En se réappropriant le geste de l’arbitre sportif, Lise Couzinier annonce la couleur sans perdre de temps : à bas le jaune (trop tard, la planète a pris feu), place au rouge qui fait tâche dans la belle carte postale de notre monde. Le carton rouge sort de terre tout en faisant corps avec le paysage comme un ultime paradoxe. Depuis, l’idée artistique a fait son chemin et le concept a engendré d’autres actes, d’autres immersions, d’autres représentations factuelles de l’interactivité de la matière et de l’humain. Car l’œuvre de Lise Couzinier, à l’initiative du festival Arborescence à Aix-en-Provence dans les années 2000, a toujours été profondément marquée par son intérêt pour les liens intrinsèques entre l’art, la nature, les sciences et les nouvelles technologies. Notamment à travers l’expérimentation de procédés optiques et d’effets d’illusion mettant à mal notre perception du réel (L’écritoire à Vertiges avec Olivier Lubeck, miroirs et rondins de bois) ; à travers des installations végétales et vidéo (Il faut savoir s’arrêter, miradors, végétaux, eau) ; une sculpture contre-nature (De Sueur et d’Os, magnésie) ; des réalisations riches en symboles (Chapelet, aiguilles de Mélèze du Queyras) ; une sculpture thermo-réactive (Énergie fossile, plâtre, mousse expansive, acrylique). Et tant d’autres « gestes » encore au pouvoir magnétique…
Rouges encore sont ses dessins en écho. Accord majeur entre science et poésie dans les empreintes de doigts réalisées en encres végétales bouillonnant de globules vivantes. Dessins bicolores aveuglés par un jeu de filtres où le regard du spectateur est, une fois encore, invité à percer la surface des choses, véritable colonne vertébrale de ses recherches.
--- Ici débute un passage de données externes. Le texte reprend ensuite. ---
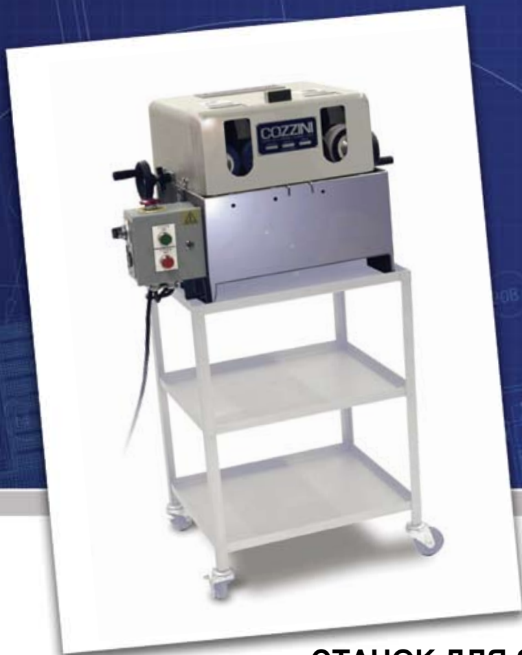
Станок с опциональной тележкой.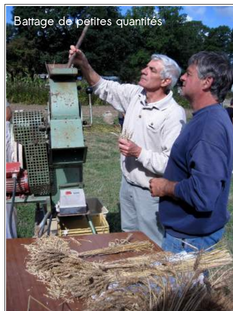
Battage de petites quantités

1) - vous avez la possibilité de moissonner, avant cet essai de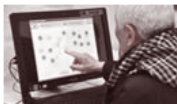
▲脳年齢などを測定し記録をつけることで、自身で脳の状態を把握できます

さまざまな講座運営を行う中で、特に今、力を入れているのが、1月からはじめた脳活フィットネスパークという講座です。実際に体を動かして行う脳活体操や、記憶脳を強化するドリルの脳活訓練、ヘッドホンで脳活用の音を聞くブレインマッソーなど、認知症を予防するための講座を実施しています。高齢化が進む現代において、「認知症になったらどうしよう」という不安を少しでも取り除くお手伝いができたらという想いから、国の支援を受けてはじめた事業です。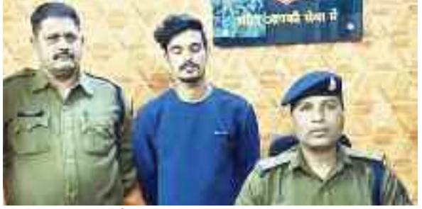
पुलिस गिरफ्तार में आरोपी।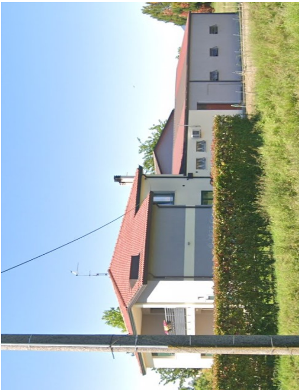
Vista ESTERNA ABITAZIONE (piano primo)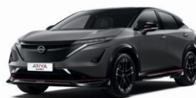
KAD Dark Metal Grey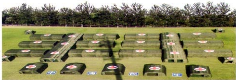
军用野战充气帐篷群

Taraudée depuis vingt ans par les questions écologiques, Lise Couzinier ne se définit pas comme photographe mais comme « faiseuse d’images » et met en scène son corps à la manière d’un rituel : juste un bras habillé d’un pull noir. Une sobriété qui sied à son discours éloquent et à la force de ses images. Un cri d’alarme.
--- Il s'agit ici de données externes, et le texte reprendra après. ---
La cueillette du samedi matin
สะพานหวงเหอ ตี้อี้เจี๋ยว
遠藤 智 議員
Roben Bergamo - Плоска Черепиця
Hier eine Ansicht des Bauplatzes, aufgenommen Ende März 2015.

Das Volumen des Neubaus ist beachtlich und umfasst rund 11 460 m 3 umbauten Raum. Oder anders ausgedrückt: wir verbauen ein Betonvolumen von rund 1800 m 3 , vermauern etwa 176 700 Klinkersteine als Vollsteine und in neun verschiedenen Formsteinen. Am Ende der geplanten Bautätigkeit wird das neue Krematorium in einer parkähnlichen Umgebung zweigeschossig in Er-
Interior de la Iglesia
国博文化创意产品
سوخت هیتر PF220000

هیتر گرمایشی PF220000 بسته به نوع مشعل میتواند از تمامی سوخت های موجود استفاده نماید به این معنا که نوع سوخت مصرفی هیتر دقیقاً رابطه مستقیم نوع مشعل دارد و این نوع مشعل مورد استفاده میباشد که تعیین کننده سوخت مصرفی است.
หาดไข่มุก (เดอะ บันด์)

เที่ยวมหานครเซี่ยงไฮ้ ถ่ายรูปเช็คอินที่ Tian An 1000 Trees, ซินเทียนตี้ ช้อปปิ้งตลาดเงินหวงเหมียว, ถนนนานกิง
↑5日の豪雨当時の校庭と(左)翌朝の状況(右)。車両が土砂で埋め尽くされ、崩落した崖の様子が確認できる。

Carton rouge, Fos-sur-Mer, 2019
Champ de colza OGM, Trets, 2016
Champ de blé transgénique, 2017
Boues rouges, Vitrolles, 2015
L’immersion du corps est violente, l’esthétique douce, le grain velouté.
La carte postale est trompeuse… mais n’est-ce pas le lot de toutes les cartes postales que de faire croire au bonheur absolu, au souvenir immaculé, à une rêverie éternelle ?

Son engagement demeure et ne faiblit pas, au contraire. Car Lise Couzinier ne se contente pas d’arbitrer le paysage – titre de son exposition à la galerie G à La Garde -, elle siffle la partie avec des jeunes du Lycée du Rempart dans le cadre de la manifestation L’Art Renouvelle le Lycée, le collège et la ville. Avec le soutien de Delphine Benoit, professeure de S.V.T., elle les incite à réfléchir sur l’environnement, à aiguiser leur regard, à renouer le dialogue avec la nature, à maitriser la technique photographique. À s’ouvrir à des questionnements profonds qui affleurent à la surface des Cartons rouges réalisés au Catalan, dans des espaces urbains abandonnés, des lieux désaffectés. Comme la piscine de Luminy, no man’s land oublié. Léa, Titouan, Amine, Lisa, Charles s’élèvent contre les déchets parsemés, dénoncent la précarité du SDF sur la plage, repèrent la fumée noire des bateaux de croisière, s’attristent d’un matelas et de couvertures abandonnés. Ils inventent, ensemble, un théâtre de l’absurde où la nature souillée par la présence humaine tente de reprendre ses droits, de faire tomber les murs de béton, recouvrant là le sable pollué, ici les graffitis désordonnés. Théâtre de l’absurde car une beauté sauvage se dégage de leurs Cartons rouges peuplés de leurs frêles silhouettes.
Ce sont les Vigies solidaires de lendemains qu’on leur souhaite meilleurs.